Department of Electrical, Electronic, and Information Engineering "Guglielmo Marconi", University of Bologna, Cesena, Italy.
Front Neural Circuits. 2024 Jun 14;18:1326609. doi: 10.3389/fncir.2024.1326609. eCollection 2024.
Gamma oscillations nested in a theta rhythm are observed in the hippocampus, where are assumed to play a role in sequential episodic memory, i.e., memorization and retrieval of events that unfold in time. In this work, we present an original neurocomputational model based on neural masses, which simulates the encoding of sequences of events in the hippocampus and subsequent retrieval by exploiting the theta-gamma code. The model is based on a three-layer structure in which individual Units oscillate with a gamma rhythm and code for individual features of an episode. The first layer (working memory in the prefrontal cortex) maintains a cue in memory until a new signal is presented. The second layer (CA3 cells) implements an auto-associative memory, exploiting excitatory and inhibitory plastic synapses to recover an entire episode from a single feature. Units in this layer are disinhibited by a theta rhythm from an external source (septum or Papez circuit). The third layer (CA1 cells) implements a hetero-associative net with the previous layer, able to recover a sequence of episodes from the first one. During an encoding phase, simulating high-acetylcholine levels, the network is trained with Hebbian (synchronizing) and anti-Hebbian (desynchronizing) rules. During retrieval (low-acetylcholine), the network can correctly recover sequences from an initial cue using gamma oscillations nested inside the theta rhythm. Moreover, in high noise, the network isolated from the environment simulates a mind-wandering condition, randomly replicating previous sequences. Interestingly, in a state simulating sleep, with increased noise and reduced synapses, the network can "dream" by creatively combining sequences, exploiting features shared by different episodes. Finally, an irrational behavior (erroneous superimposition of features in various episodes, like "delusion") occurs after pathological-like reduction in fast inhibitory synapses. The model can represent a straightforward and innovative tool to help mechanistically understand the theta-gamma code in different mental states.

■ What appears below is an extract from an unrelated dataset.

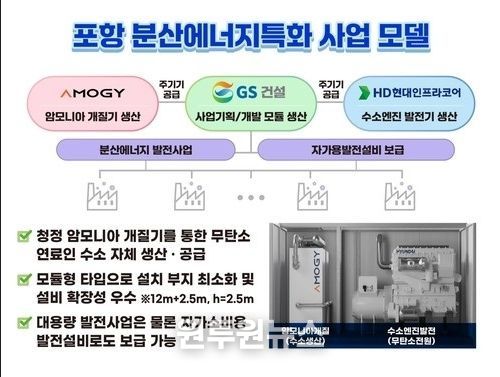 포항시가 제안한 분산에너지 특화지역 사업모델은 ‘청정 암모니아 기반 무탄소 분산에너지 실증사업’이다. 이 사업은 그린·블루 암모니아 등 청정연료를 개질해 수소를 생산하고, 수소엔진발전기를 통해 전력을 생산하는 방식으로 화석연료를 전혀 사용하지 않는 ‘완전한 무탄소 발전모델’이라는 점이 핵심이다.

在海马体中观察到嵌套在 theta 节律中的伽马振荡,它们被认为在顺序情节记忆中发挥作用,即记忆和检索按时间展开的事件。在这项工作中,我们提出了一个基于神经质量的原始神经计算模型,该模型利用 theta-gamma 码模拟海马体中事件序列的编码和随后的检索。该模型基于三层结构,其中单个单元以伽马节律振荡并对情节的单个特征进行编码。第一层(前额叶皮层的工作记忆)将提示保留在记忆中,直到出现新信号。第二层(CA3 细胞)实现了自联想记忆,利用兴奋性和抑制性可塑突触从单个特征中恢复整个情节。该层中的单元通过来自外部源(隔区或帕佩兹回路)的 theta 节律被去抑制。第三层(CA1 细胞)与前一层实现异联想网络,能够从前一个网络恢复一系列情节。在编码阶段,模拟高乙酰胆碱水平,网络通过赫布(同步)和反赫布(去同步)规则进行训练。在检索(低乙酰胆碱)期间,网络可以使用嵌套在 theta 节律中的伽马振荡正确地从初始提示中恢复序列。此外,在高噪声下,与环境隔离的网络模拟心不在焉的状态,随机复制以前的序列。有趣的是,在模拟睡眠的状态下,增加噪声并减少突触,网络可以通过创造性地组合序列,利用不同情节之间共享的特征来“做梦”。最后,在病理性减少快速抑制性突触后,会出现不合理的行为(在不同情节中错误地叠加特征,如“妄想”)。该模型可以作为一种简单而创新的工具,有助于在不同心理状态下从机制上理解 theta-gamma 码。